### ACTIVITY
Beneath this task are records; count how many lines include the string "finish" and answer with that number alone.

Dataset records
-------------------------

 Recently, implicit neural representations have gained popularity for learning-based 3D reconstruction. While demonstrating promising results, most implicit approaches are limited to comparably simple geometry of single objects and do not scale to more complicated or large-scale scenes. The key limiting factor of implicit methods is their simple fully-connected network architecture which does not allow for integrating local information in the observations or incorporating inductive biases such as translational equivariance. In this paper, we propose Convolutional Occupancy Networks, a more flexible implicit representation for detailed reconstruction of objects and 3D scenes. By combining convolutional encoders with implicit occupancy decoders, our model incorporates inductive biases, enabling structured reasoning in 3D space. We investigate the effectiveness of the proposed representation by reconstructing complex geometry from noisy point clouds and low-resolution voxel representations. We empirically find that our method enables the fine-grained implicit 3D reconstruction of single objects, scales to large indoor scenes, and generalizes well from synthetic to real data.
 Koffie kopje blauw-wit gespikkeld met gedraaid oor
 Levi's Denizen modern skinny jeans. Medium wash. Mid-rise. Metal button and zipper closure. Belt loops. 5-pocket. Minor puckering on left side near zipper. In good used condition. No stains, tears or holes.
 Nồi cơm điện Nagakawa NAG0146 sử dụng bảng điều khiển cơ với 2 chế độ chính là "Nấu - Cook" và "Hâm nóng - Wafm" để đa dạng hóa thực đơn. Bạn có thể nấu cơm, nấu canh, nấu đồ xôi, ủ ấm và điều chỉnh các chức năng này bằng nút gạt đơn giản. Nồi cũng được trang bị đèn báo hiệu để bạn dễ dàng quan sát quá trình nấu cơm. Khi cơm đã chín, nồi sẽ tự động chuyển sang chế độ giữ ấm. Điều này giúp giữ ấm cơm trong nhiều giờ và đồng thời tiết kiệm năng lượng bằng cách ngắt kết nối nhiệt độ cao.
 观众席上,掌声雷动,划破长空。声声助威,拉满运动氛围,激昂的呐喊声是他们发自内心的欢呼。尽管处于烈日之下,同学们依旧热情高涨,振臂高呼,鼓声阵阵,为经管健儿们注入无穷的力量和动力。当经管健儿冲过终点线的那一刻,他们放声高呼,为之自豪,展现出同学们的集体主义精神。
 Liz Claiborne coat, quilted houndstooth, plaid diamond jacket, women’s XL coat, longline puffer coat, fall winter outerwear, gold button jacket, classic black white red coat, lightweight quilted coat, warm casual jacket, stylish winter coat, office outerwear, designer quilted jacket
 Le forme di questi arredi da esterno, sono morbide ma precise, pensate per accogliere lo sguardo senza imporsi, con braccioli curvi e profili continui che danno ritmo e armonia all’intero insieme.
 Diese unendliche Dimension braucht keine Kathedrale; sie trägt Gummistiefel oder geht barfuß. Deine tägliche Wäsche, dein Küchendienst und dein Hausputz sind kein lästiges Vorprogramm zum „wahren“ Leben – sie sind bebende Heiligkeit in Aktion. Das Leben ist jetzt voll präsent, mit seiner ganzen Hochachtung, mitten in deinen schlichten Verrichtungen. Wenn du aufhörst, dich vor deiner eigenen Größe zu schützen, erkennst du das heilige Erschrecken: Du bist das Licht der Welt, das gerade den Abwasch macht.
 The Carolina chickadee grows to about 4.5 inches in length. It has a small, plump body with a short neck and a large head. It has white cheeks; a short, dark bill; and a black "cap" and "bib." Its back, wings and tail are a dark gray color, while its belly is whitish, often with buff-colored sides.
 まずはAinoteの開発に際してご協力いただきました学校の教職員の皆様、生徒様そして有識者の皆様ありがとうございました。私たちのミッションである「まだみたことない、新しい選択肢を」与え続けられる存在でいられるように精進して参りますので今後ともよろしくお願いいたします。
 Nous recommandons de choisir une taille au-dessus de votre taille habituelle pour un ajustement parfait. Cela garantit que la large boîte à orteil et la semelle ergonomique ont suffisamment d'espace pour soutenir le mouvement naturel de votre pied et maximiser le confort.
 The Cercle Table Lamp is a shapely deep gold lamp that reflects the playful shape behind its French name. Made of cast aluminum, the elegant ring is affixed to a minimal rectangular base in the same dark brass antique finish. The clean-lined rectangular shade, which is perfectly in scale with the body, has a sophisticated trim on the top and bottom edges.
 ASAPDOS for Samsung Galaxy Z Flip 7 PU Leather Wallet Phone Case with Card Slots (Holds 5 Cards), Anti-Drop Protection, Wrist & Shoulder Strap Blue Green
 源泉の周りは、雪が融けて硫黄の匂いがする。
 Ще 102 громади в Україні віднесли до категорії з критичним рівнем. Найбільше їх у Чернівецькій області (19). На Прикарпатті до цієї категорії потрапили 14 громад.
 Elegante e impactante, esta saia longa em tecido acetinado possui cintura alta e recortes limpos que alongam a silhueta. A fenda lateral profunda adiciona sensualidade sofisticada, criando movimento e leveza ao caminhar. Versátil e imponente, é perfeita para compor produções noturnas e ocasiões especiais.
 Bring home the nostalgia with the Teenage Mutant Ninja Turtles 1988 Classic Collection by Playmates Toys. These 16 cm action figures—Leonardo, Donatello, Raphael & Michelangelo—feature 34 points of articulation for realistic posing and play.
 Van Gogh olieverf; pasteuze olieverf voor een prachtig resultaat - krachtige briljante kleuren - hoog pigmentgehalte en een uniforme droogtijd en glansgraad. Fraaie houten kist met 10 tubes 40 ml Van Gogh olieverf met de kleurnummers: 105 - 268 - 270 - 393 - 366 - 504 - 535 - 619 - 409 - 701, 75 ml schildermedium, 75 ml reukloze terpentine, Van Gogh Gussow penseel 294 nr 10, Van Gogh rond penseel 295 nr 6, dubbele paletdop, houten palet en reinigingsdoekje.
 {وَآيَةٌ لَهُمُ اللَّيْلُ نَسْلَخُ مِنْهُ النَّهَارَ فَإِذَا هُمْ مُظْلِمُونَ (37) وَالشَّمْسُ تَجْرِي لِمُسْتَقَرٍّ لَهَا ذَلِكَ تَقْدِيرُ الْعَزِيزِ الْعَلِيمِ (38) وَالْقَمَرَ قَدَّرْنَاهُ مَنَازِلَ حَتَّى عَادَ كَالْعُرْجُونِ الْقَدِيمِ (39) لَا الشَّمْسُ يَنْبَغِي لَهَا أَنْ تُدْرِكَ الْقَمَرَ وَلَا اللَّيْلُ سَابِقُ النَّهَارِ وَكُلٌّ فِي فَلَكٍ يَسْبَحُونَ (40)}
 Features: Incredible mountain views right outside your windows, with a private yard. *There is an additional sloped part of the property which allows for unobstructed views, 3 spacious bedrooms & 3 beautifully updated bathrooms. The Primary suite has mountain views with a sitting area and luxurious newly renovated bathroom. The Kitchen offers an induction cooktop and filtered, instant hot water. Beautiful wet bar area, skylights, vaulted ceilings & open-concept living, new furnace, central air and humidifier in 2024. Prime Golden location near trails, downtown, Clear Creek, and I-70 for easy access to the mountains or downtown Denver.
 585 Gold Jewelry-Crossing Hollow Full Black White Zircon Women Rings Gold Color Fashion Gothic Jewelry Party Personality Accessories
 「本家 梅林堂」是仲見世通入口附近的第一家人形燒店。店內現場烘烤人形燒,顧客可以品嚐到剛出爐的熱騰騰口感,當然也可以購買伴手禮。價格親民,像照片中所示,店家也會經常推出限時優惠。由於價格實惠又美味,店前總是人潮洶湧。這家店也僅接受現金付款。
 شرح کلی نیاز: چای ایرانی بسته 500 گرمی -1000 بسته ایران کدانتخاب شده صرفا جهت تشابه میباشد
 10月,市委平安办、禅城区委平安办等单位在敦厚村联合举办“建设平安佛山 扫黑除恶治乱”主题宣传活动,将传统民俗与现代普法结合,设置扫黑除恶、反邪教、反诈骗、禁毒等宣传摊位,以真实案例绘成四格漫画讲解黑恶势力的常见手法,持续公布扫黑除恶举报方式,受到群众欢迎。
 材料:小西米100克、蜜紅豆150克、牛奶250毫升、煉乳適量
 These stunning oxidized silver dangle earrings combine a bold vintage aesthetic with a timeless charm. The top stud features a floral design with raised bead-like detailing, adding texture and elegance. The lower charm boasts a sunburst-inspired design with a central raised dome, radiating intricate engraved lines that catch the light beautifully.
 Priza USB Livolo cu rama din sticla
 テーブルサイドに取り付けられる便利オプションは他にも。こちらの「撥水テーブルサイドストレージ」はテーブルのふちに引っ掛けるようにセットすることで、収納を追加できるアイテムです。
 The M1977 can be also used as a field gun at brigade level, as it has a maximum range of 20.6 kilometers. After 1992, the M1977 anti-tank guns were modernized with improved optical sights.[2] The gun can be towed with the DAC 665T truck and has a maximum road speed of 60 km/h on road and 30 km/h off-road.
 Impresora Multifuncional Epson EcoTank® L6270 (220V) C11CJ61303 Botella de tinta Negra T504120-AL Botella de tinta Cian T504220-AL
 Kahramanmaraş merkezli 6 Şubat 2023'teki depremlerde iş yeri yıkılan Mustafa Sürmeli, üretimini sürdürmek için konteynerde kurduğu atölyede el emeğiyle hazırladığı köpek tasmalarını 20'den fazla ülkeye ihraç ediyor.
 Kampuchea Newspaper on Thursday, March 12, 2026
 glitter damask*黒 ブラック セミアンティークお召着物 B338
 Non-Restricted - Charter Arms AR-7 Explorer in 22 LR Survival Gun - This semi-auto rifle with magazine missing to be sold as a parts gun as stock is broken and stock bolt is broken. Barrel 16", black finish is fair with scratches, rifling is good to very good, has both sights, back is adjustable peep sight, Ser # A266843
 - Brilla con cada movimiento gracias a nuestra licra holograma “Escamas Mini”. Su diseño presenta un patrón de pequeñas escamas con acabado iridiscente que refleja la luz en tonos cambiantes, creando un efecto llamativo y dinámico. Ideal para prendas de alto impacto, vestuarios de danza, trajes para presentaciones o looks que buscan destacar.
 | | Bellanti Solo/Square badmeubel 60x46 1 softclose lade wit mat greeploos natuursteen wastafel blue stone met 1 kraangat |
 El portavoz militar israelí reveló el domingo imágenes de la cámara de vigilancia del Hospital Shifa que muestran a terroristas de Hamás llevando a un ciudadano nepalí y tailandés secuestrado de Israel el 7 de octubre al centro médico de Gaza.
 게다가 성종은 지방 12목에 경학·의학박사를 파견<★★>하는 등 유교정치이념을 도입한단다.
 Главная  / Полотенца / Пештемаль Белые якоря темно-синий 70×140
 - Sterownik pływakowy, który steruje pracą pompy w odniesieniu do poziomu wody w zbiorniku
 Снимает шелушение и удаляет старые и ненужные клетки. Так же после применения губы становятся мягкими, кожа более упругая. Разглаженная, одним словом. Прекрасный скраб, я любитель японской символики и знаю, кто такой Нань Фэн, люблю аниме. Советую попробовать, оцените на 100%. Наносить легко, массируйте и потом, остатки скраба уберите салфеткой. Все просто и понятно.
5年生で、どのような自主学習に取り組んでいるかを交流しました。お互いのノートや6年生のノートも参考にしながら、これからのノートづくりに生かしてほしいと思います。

-------------------------

### EXERCISE SOLUTION
2